【问题标题】:Finding the amount of time difference between dates in python在python中查找日期之间的时间差
【发布时间】:2011-01-27 15:37:24
【问题描述】:

假设我有 2 个类似这样的列表:

L1=['Smith, John, 2008,  12,  10,  Male', 'Bates, John,  2006,  1,  Male', 'Johnson, John,  2009,  1,  28,  Male', 'James,  John,  2008,  3,  Male']

L2=['Smith,  Joy, 2008,  12,  10,  Female', 'Smith,  Kevin,  2008,  12,  10,  Male', 'Smith,  Matt,  2008,  12,  10,  Male', 'Smith,  Carol,  2000,  12,  11,  Female', 'Smith,  Sue,  2000,  12,  11,  Female', 'Johnson,  Alex,  2008,  3,  Male', 'Johnson,  Emma,  2008,  3,  Female', 'James,  Peter,  2008,  3,  Male', 'James,  Chelsea,  2008,  3,  Female'] 
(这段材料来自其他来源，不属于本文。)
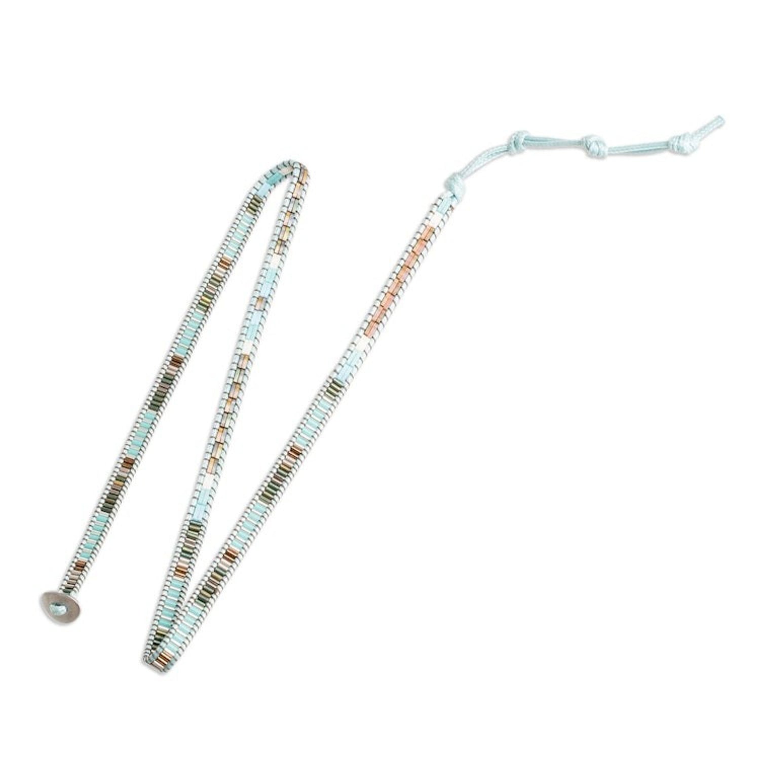Handcrafted in Guatemala with waxed nylon cords, glass beads, and a pewter button clasp, this wrap bracelet is adjustable from 20 to 21.5 inches in length. Colors may vary slightly.
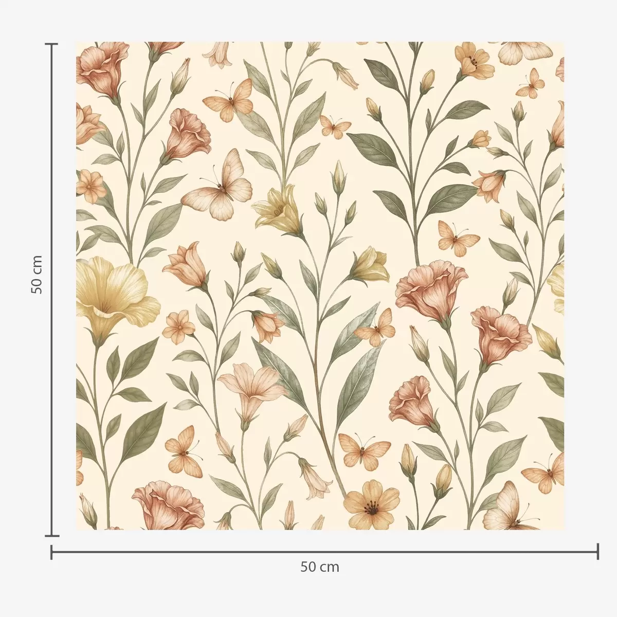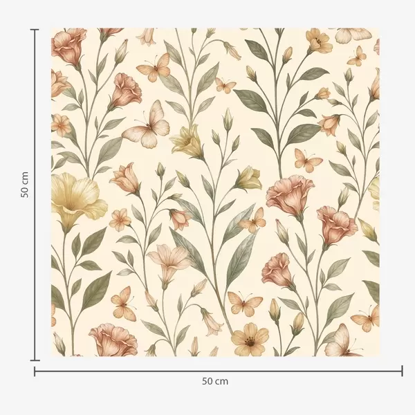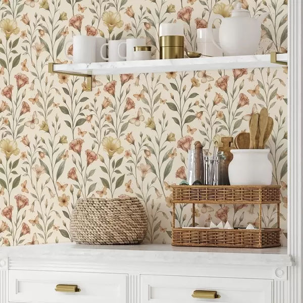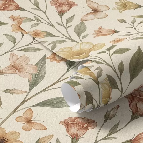 Tapete Zarte Pfirsichblüten und Schmetterlinge auf warmem Cremehintergrund Nr. a01026
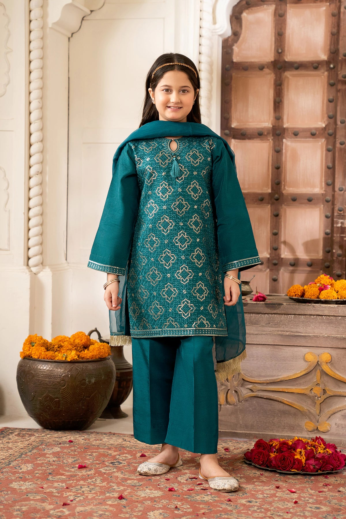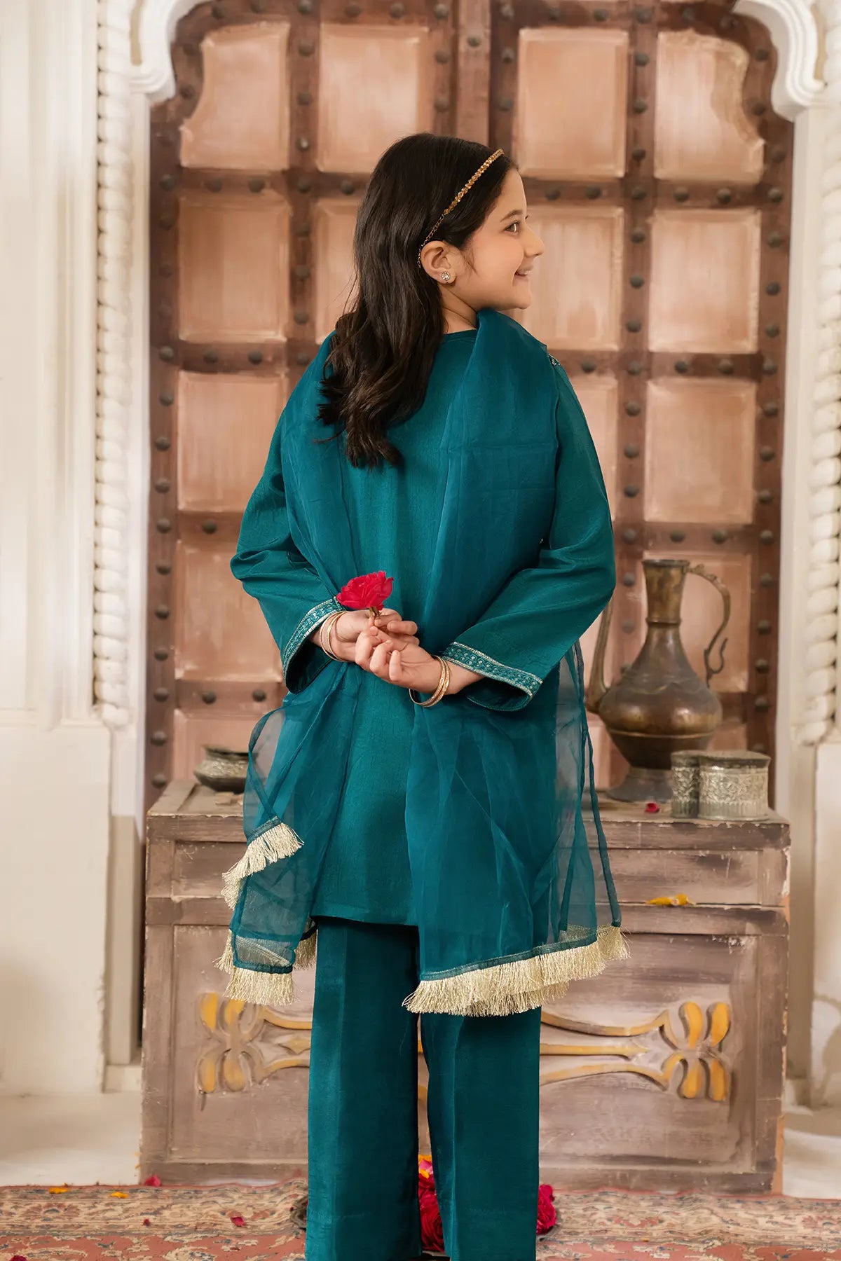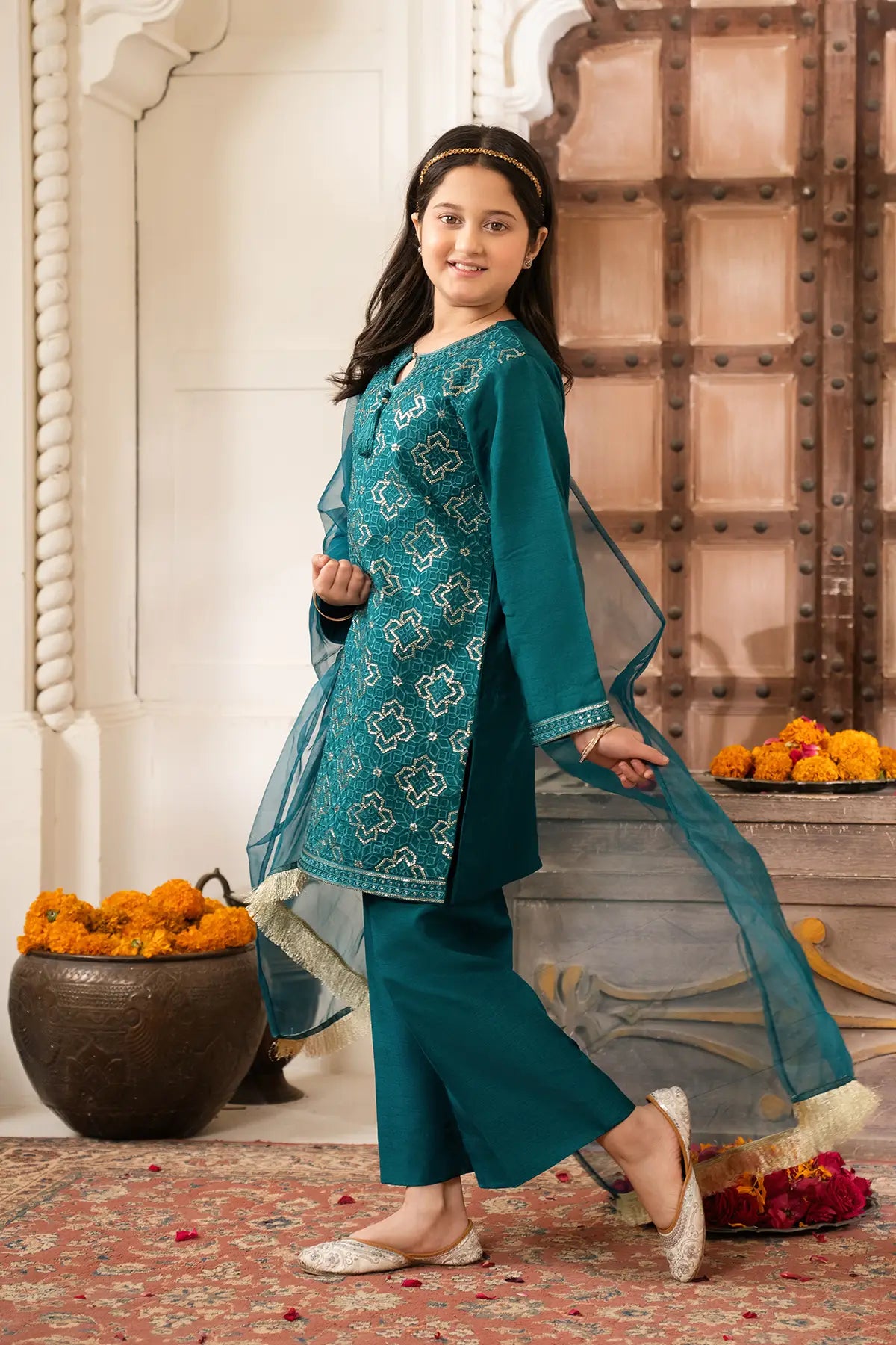 Part of our Exclusive Eid Edition, this luxuriously crafted ensemble features an intricately embroidered Sequin Tasal Silk shirt paired with a matching Tasal Silk embroidered trouser. The delicate Organza dupatta adds an ethereal finish, creating a timeless and graceful festive look for your little one.
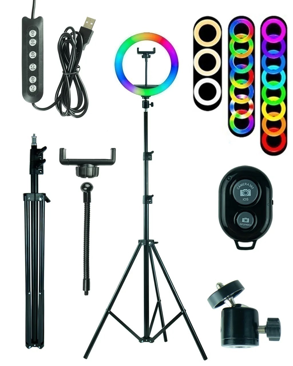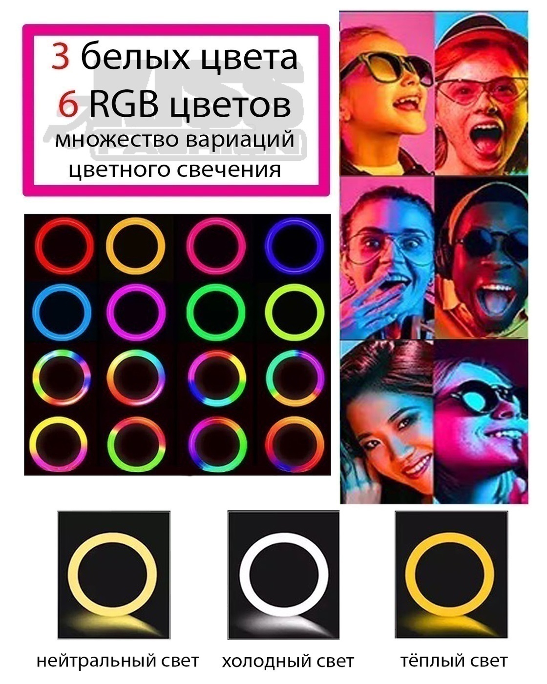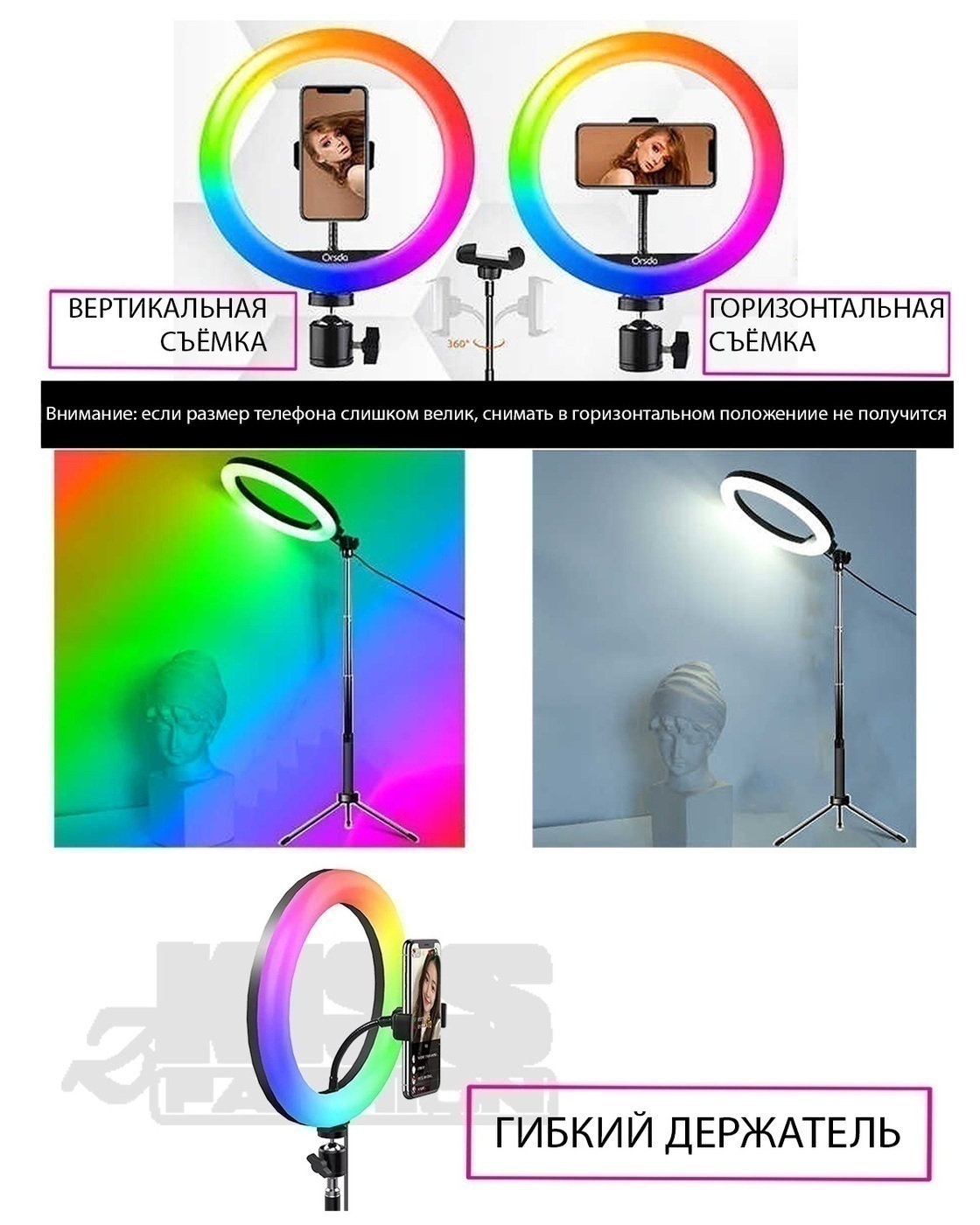 Кольцевая LED-лампа 26 см zKissfashion RGB цветная со штативом держателем для телефона и селфи-пультом. Модель 123267
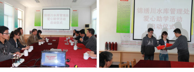 启动仪式于上午十点半在锦绣川水库管理处会议室正式开始。首先,管理处张景涛书记对水库各方面情况进行了简单介绍,同时阐明了此次爱心助学活动的目的和意义。随后,锦绣川水库管理处对我院两名水文与水资源工程专业贫困生进行了现场捐助。本次资助的两名学生家庭经济条件十分艰苦,但他们坚韧自立,在校表现突出,品学兼优。与此同时,两名得到资助的同学也难掩心中感激之情,纷纷表达了自己要树立强烈的社会责任感,努力学习,回报学校和社会的决心与信心。他们在“5·4青年节”之际道出了当代大学生不畏艰难、奋发向上的心声,得到了在场所有人的肯定和赞扬。
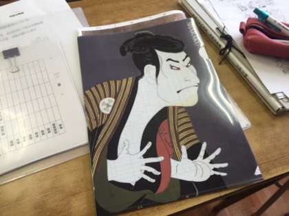 2年生は浮世絵を題材に巨大アートを作成します。細かくパートに分けて、それを拡大して組み合わせて大きな一枚の絵にするようです。上は1組。下は2組の様子です。
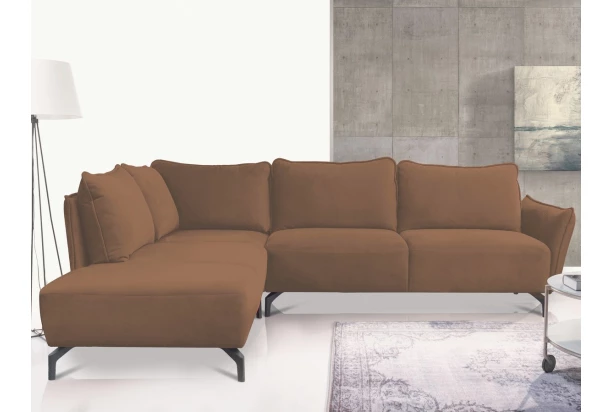 Atraktivní rohová sedací souprava je inspirována módními trendy. Elegantní design zaoblených tvarů, polštářová optika i kvalitní zpracování. Sedačka s bočním otomanem vytváří levý roh a nabízí dostatek prostoru pro vaši každodenní pohodu. Užívejte si tak komfortně laděné sezení, které navíc zpříjemňuje měkká velurová sametová látka v odstínu hnědá whiskey. Černé kovové nohy poskytují sedačce stabilní základ a navíc dodávají obývacímu prostoru pocit vzdušnosti.
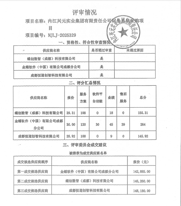 内江兴元实业集团有限责任公司财务系统采购项目结果公告

我想用它来比较一个家庭中每个人(姓氏相同)的日期与他们每个家庭中的“约翰”。日期从包括年、月和日,到只有年和月,再到只有年。我想找出约翰的日期和他每个家庭成员的日期之间的差异,直到我能做到的最具体的点(如果一个日期包含所有 3 个部分而另一个只有月份和年份,那么只找到月份和年份的时差)。这是我迄今为止尝试过的方法,但它不起作用,因为它没有使用正确的名称和日期(它只给了每个约翰一个兄弟姐妹),而且它计算日期之间时间的方式令人困惑和错误:

for line in L1:
    type=line.split(',')
    if len(type)>=1:
        family=type[0]
        if len(type)==6:
            yearA=type[2]
            monthA=type[3]
            dayA=type[4]
            sex=type[5]
            print '%s, John Published in %s, %s, %s, %s' %(family, yearA, monthA, dayA, sex)
        elif len(type)==5:
            yearA=type[2]
            monthA=type[3]
            sex=type[4]
            print '%s, John Published in %s, %s, %s' %(family, yearA, monthA, sex)
        elif len(type)==4:
            yearA=type[2]
            sex=type[3]
            print '%s, John Published in %s, %s' %(family, yearA, sex)
    for line in L2:
        if re.search(family, line):
            word=line.split(',')
            name=word[1]
            if len(word)==6:
                yearB=word[2]
                monthB=word[3]
                dayB=word[4]
                sex=word[5]
            elif len(word)==5:
                yearB=word[2]
                monthB=word[3]
                sex=word[4]
            elif len(word)==4:
                yearB=word[2]
                sex=word[3]
    if dayA and dayB:
        yeardiff= int(yearA)-int(yearB)
        monthdiff=int(monthA)-int(monthB)
        daydiff=int(dayA)-int(dayB)
        print'%s, %s Published %s year(s), %s month(s), %s day(s) before/after John, %s' %(family, name, yeardiff, monthdiff, daydiff, sex)
    elif not dayA and not dayB  and monthA and monthB:
        yeardiff= int(yearA)-int(yearB)
        monthdiff=int(monthA)-int(monthB)
        print'%s, %s Published %s year(s), %s month(s), before/after John, %s' %(family, name, yeardiff, monthdiff, sex)
    elif not monthA and not monthB and yearA and yearB:
        yeardiff= int(yearA)-int(yearB)
        print'%s, %s Published %s year(s), before/after John, %s' %(family, name, yeardiff, sex)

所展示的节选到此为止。